__AIM OF THE EXERCISE__. Your answer should hold only the lines from the start of the data below through the line with "Charming vintage writing", copied exactly, with pictures left out.

[Records from a data collection]

========

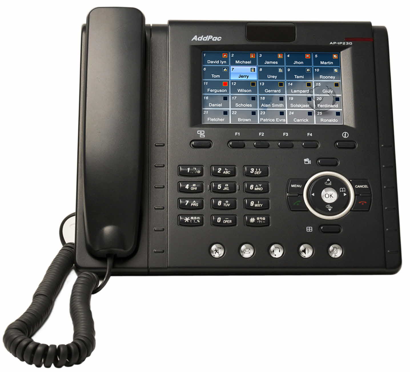 AP-IP230G Gigabit Ethernet IP telephone combines AddPac's field proven VoIP technology and IP voice broadcasting technology. AP-IP230 is market-ready IP telephone which provides a full suit of remarkable functionality compared to other typical IP telephones. Apart from telephony service, it delivers IP voice broadcasting service supporting external MIC/Line-in, Line-out interface for various input/output devices such as headset, Amp or speaker. In addition, it provides high level information display with 5 inch large size color LCD mounted. Since AP-IP230G supports diverse VoIP codecs according to bandwidth environment, it can be deployed anywhere on the internet, ensuring optimal voice quality by leveraging the latest QoS technology. Furthermore, installed along with, IPNext180, IPNext190, and IPNext600 on comprehensive IP-PBX system of AddPac Technology, it not only improves operation offering an wide variety of features such as Music on Hold, Coloring service, Call Transfer but also provides the easy-to-use, intelligent IP telephony service enhanced by MS window based Smart Messenger.
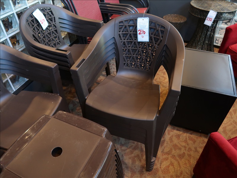 LOT, (4) RESIN STACKABLE PATIO CHAIRS (UNUSED)
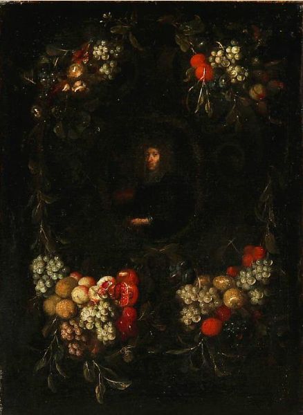Portrait of a nobleman fringed with a garland of fruit.
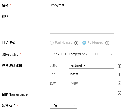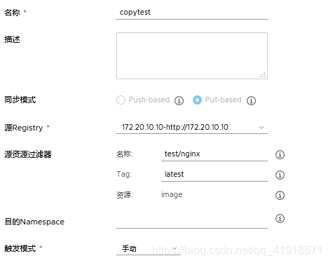 再同步管理里新建规则,填写源Registry地址,镜像名称、tag等,注意镜像名称是test/nginx,tag是latest。
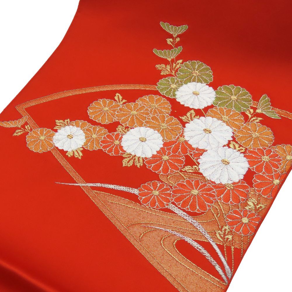 | 品名 | 【中古】 名古屋帯 八寸 ポリエステル 朱色 オレンジ 松葉仕立て レディース 女性 |
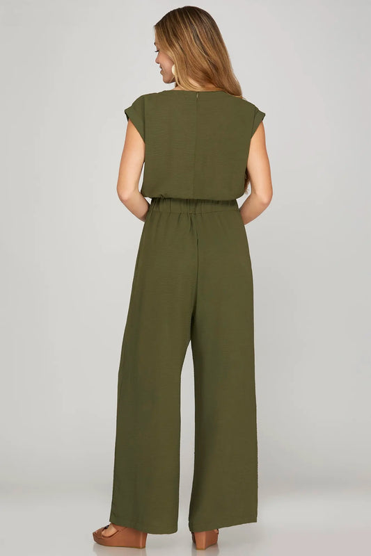 Front Tie Sleeveless Jumpsuit - Olive
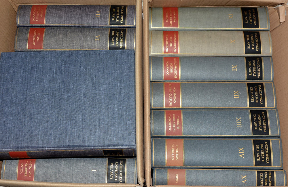 AA.VV. Enciclopedia Universale dell'Arte. Venezia-Roma, 1958-1967. 15 volumi in 4to, con numerose illustrazioni in bianco e nero e a colori. In piena tela. Lotto in due cartoni.
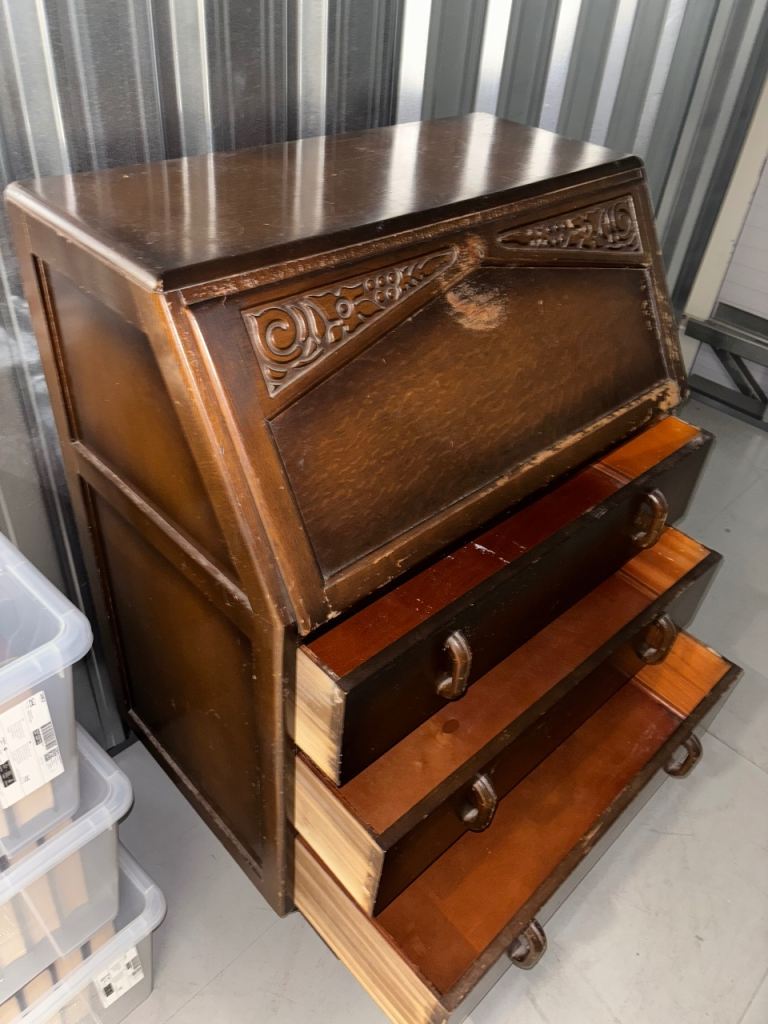 Charming vintage writing bureau for sale. Solid wood, in fair condition, perfect for home office or study, living rooms or dining room. For collection only.
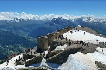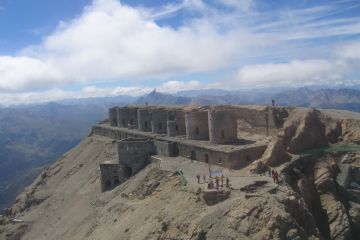 A 3.130 metri sulla vetta del Monte Chaberton si possono apprezzare i resti di quella che è stata la più alta fortificazione d'Europa, la Batteria dello Chaberton. Sono ancora ben visibili le otto torri su cui poggiavano i cannoni girevoli. Gli altri locali sono oramai in rovina e occupati dal ghiaccio. La costruzione del forte ebbe una notevole importanza strategica all'epoca delle due guerre mondiali; iniziò nel 1898, si protrasse per oltre vent'anni e fu semi distrutto nel 1940. Oggi, il Forte si trova in territorio francese ed è meta di escursionisti e appassionati di montagna.
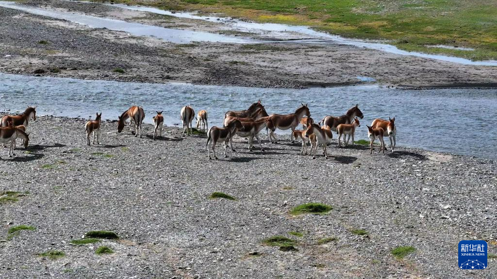 這是8月9日在位于三江源國家公園長江源園區(qū)的曲麻萊縣境內(nèi)拍攝的藏野驢(無人機照片)。 新華社發(fā)(昂江 攝)
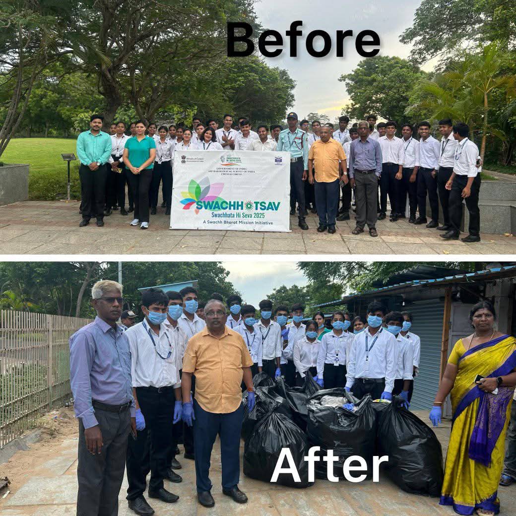 Swachhata Pakhwada at Mamallapuram. As part of the Swachhata Pakhwada Calendar of the Ministry of Tourism, Indiatourism Chennai organized a special cleanliness drive on 29th September 2025 at the iconic Shore Temple, Mamallapuram. In collaboration with Mamallapuram Municipality, Archaeological Survey of India (ASI), and IHMCT Taramani, Chennai, the campaign was inaugurated by Smt. Valarmathi Yesvanthrao, Chairperson, Mamallapuram Municipality, in the presence of the Regional Director (South), Indiatourism Chennai, ASI officials, and Indiatourism team. Over 40 IHM students and visiting students from Sri Umamaheswar High School, Kurnool, enthusiastically joined hands to clean the temple environs and the pathway to the beachfront. Together, we are working towards clean, sustainable, and responsible tourism.
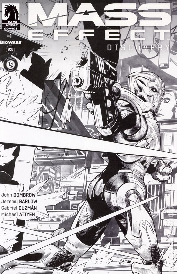 Written by Jeremy Barlow and John Dombrow. Art by Gabriel Guzman. Cover by Gabriel Guzman. A young Turian military recruit goes undercover in order to infiltrate the mysterious Andromeda Initiative-and ultimately retrieve a scientist who's made a potentially devastating discovery. Tying in to the highly anticipated release of Mass Effect: Andromeda, writers Jeremy Barlow and John Dombrow and artist Gabriel Guzmán team up to create the next exciting chapter of the Mass Effect comics series! From Eisner Award-nominated writer Jeremy Barlow! 28 pages, full color. Cover price $3.99.
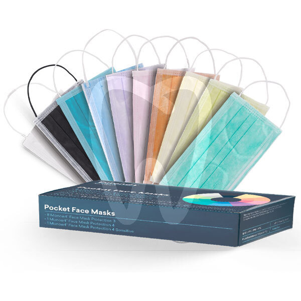 30 days return guaranteeAssorted Monoart facemasks: 8 PTC3 Masks, 1 PTC4 Mask (black), 1 PTC4 Sensitive Mask
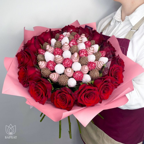 Букет из свежей клубники в бельгийском шоколаде и живых цветов. Клубника держится на каркасе из шпажек. Ягода отделена от цветов прозрачной пленкой. Готовый букет упаковывается в прозрачную слюду.
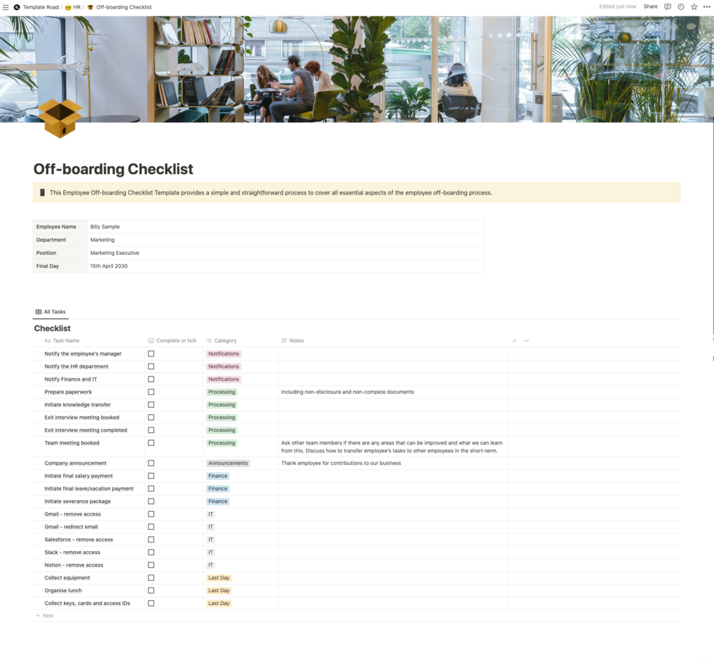 This Employee Offboarding Checklist Template provides a simple and straightforward process to cover all essential aspects of the employee off-boarding process including returning company equipment. See the full details of the Notion - Off-Boarding Checklist Template.
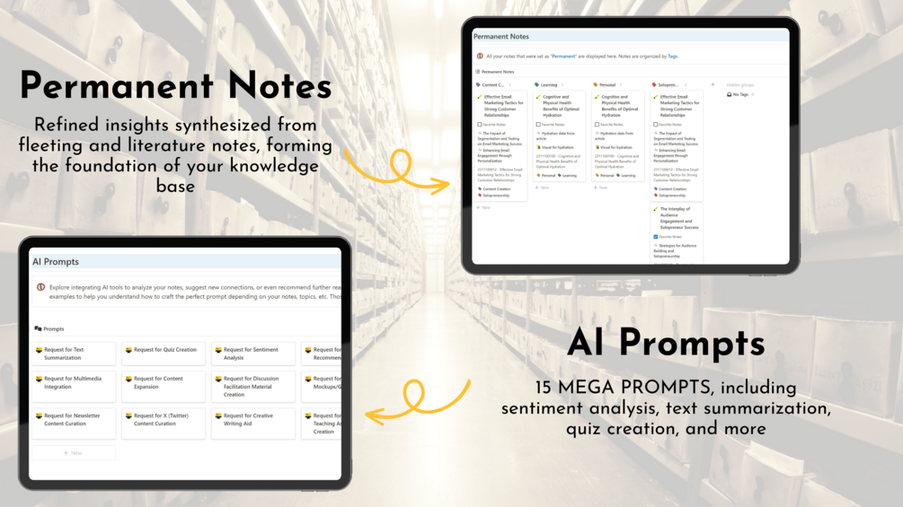- Leverage the power of AI with 15 mega-prompts designed to analyze your notes, uncovering insights you might have missed (sentiment analysis, summarization, and more).
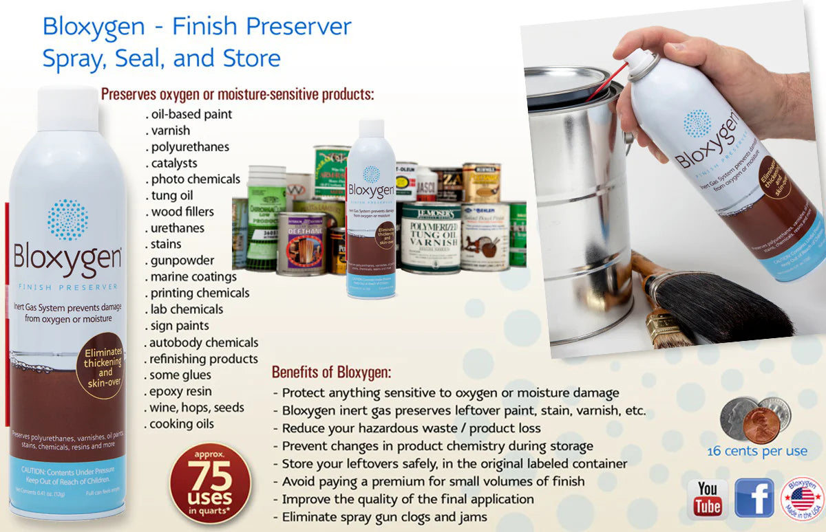 Save your leftover paints, finishes or food from getting ruined by oxygen or moisture. Simply spray, seal and store for up to 10 years. Never have hardened paint or rubbery finishes ruin your day. Safe for food, coffee, cannabis. Tested by manufacturers. Industry best practice.
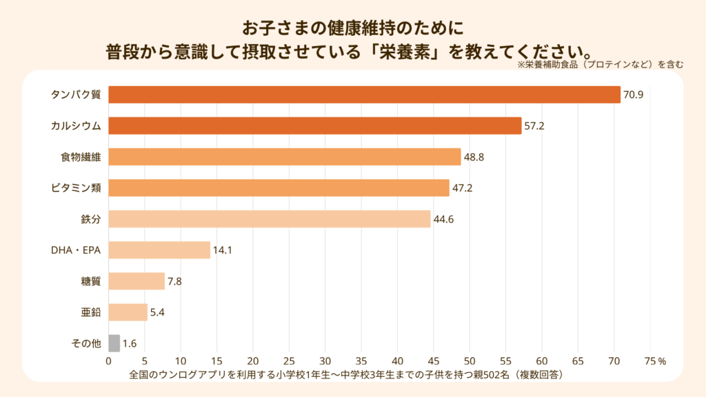 定量調査の結果、α世代の親が子どもの健康維持のために最も意識して摂取させている栄養素は『タンパク質』であることが明らかになりました。親世代の健康リテラシーの向上により、これまで重視されてきた「カルシウム(骨)」や「鉄分(貧血・メンタル)」に加え、それらの土台となる身体そのものをつくる栄養素として、『タンパク質』への関心が高まっています。
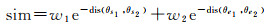 式中,dis(θs1, θs2)、dis(θe1, θe2)为起始点及终止点头方向欧氏距离。为了更好地度量角度之间的距离,本文将方向进行了极坐标转换[27]。w1和w2与起始点之间、终止点之间相似度有关,如果e-dis(θs1, θs2)和e-dis(θe1, θe2)的值都大于0.5,则w1、w2均设置为0.5;否则,如果e-dis(θs1, θs2)>e-dis(θe1, θe2),设置w1=0.01、w2=0.99,如果e-dis(θs1, θs2) < e-dis(θe1, θe2),设置w1=0.99、w2=0.01。
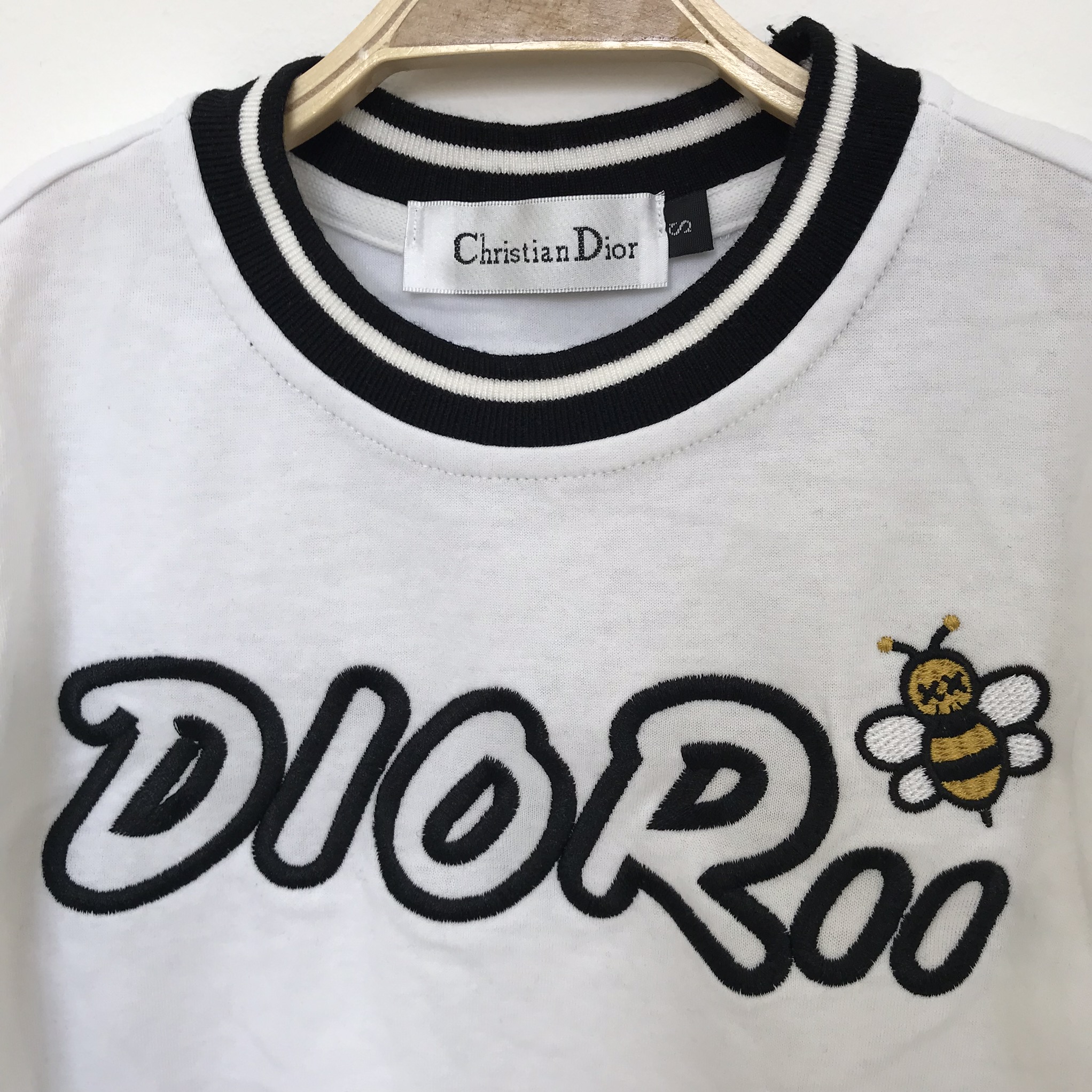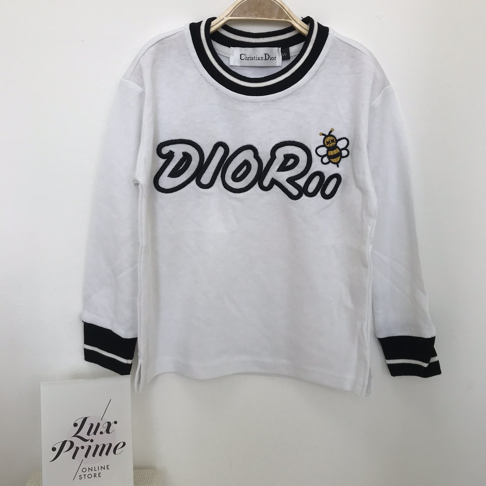 Водолазка Christian Dior LUX-18725 представляет собой стильный предмет гардероба, выполненный в современном дизайне. Она сочетает в себе элегантность бренда Christian Dior с игривым акцентом в виде вышитой пчелы и объемной надписи "DIOR". Классический белый цвет с черными полосами на воротнике и манжетах придает водолазке спортивный, но в то же время изысканный вид. Этот элемент одежды идеально подходит для создания разнообразных образов, от повседневных до более нарядных.
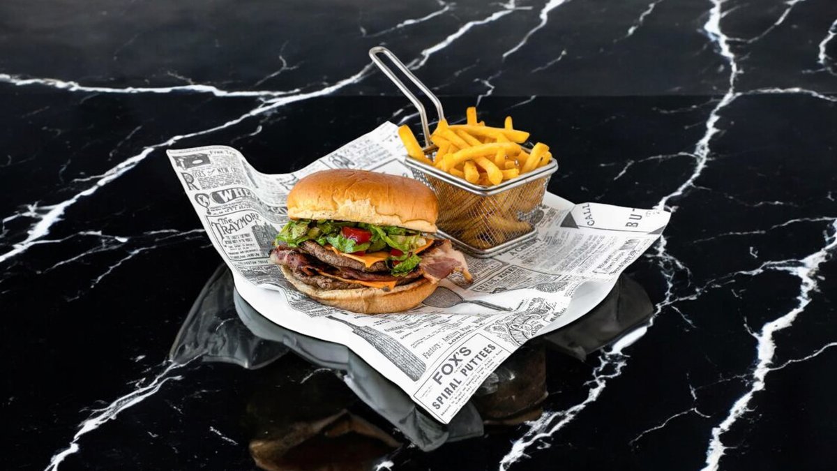 100 % irish angus beef, 200g patty. Served with fries, lettuce, and tomato
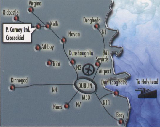 | Situated about 80 kilometers and one hours drive from Dublin, P. Carney Ltd. is strategically located with excellent access to both Dublin Airport and Ferry Port. P. Carney Ltd. can deliver to any U.K. destination within 2 working days and to mainland Europe in 4 working days. |
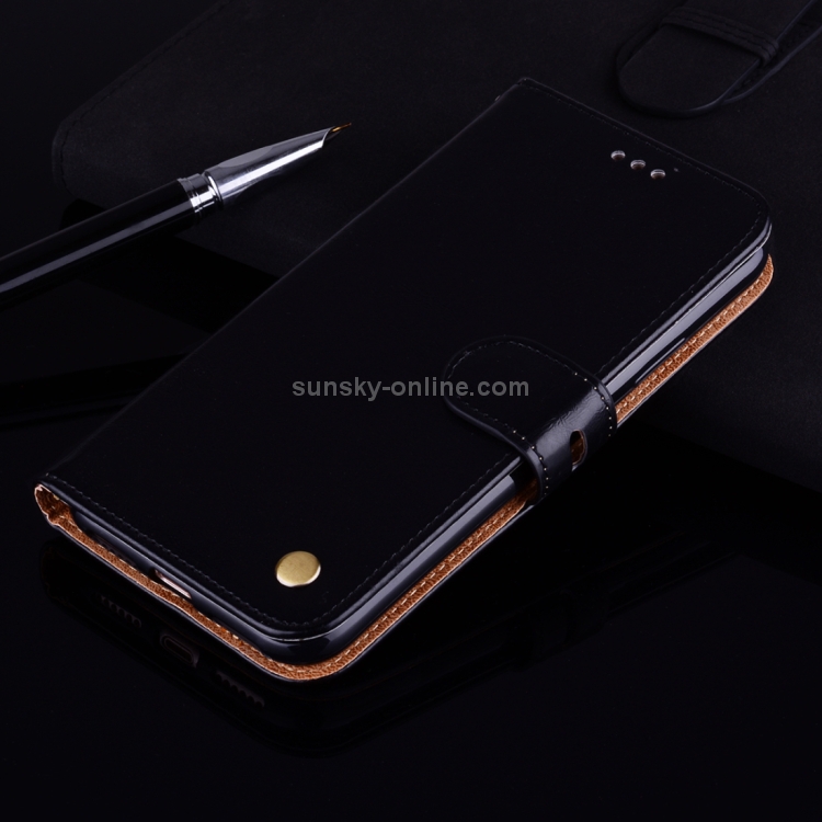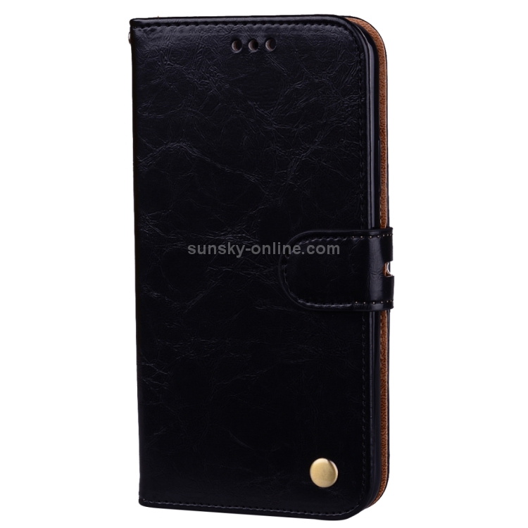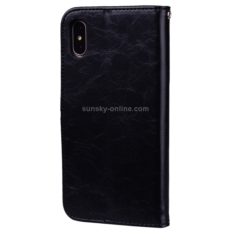 Funda de Cuero para iPhone X Xs Business Style Oil Wax Texture con Tapa Horizontal Soporte Ranuras Tarjetas Billetera (Negro)

========

__RESPONSE BOX__.
 AP-IP230G Gigabit Ethernet IP telephone combines AddPac's field proven VoIP technology and IP voice broadcasting technology. AP-IP230 is market-ready IP telephone which provides a full suit of remarkable functionality compared to other typical IP telephones. Apart from telephony service, it delivers IP voice broadcasting service supporting external MIC/Line-in, Line-out interface for various input/output devices such as headset, Amp or speaker. In addition, it provides high level information display with 5 inch large size color LCD mounted. Since AP-IP230G supports diverse VoIP codecs according to bandwidth environment, it can be deployed anywhere on the internet, ensuring optimal voice quality by leveraging the latest QoS technology. Furthermore, installed along with, IPNext180, IPNext190, and IPNext600 on comprehensive IP-PBX system of AddPac Technology, it not only improves operation offering an wide variety of features such as Music on Hold, Coloring service, Call Transfer but also provides the easy-to-use, intelligent IP telephony service enhanced by MS window based Smart Messenger.
 LOT, (4) RESIN STACKABLE PATIO CHAIRS (UNUSED)
Portrait of a nobleman fringed with a garland of fruit.
 再同步管理里新建规则,填写源Registry地址,镜像名称、tag等,注意镜像名称是test/nginx,tag是latest。
 | 品名 | 【中古】 名古屋帯 八寸 ポリエステル 朱色 オレンジ 松葉仕立て レディース 女性 |
 Front Tie Sleeveless Jumpsuit - Olive
 AA.VV. Enciclopedia Universale dell'Arte. Venezia-Roma, 1958-1967. 15 volumi in 4to, con numerose illustrazioni in bianco e nero e a colori. In piena tela. Lotto in due cartoni.
 Charming vintage writing bureau for sale. Solid wood, in fair condition, perfect for home office or study, living rooms or dining room. For collection only.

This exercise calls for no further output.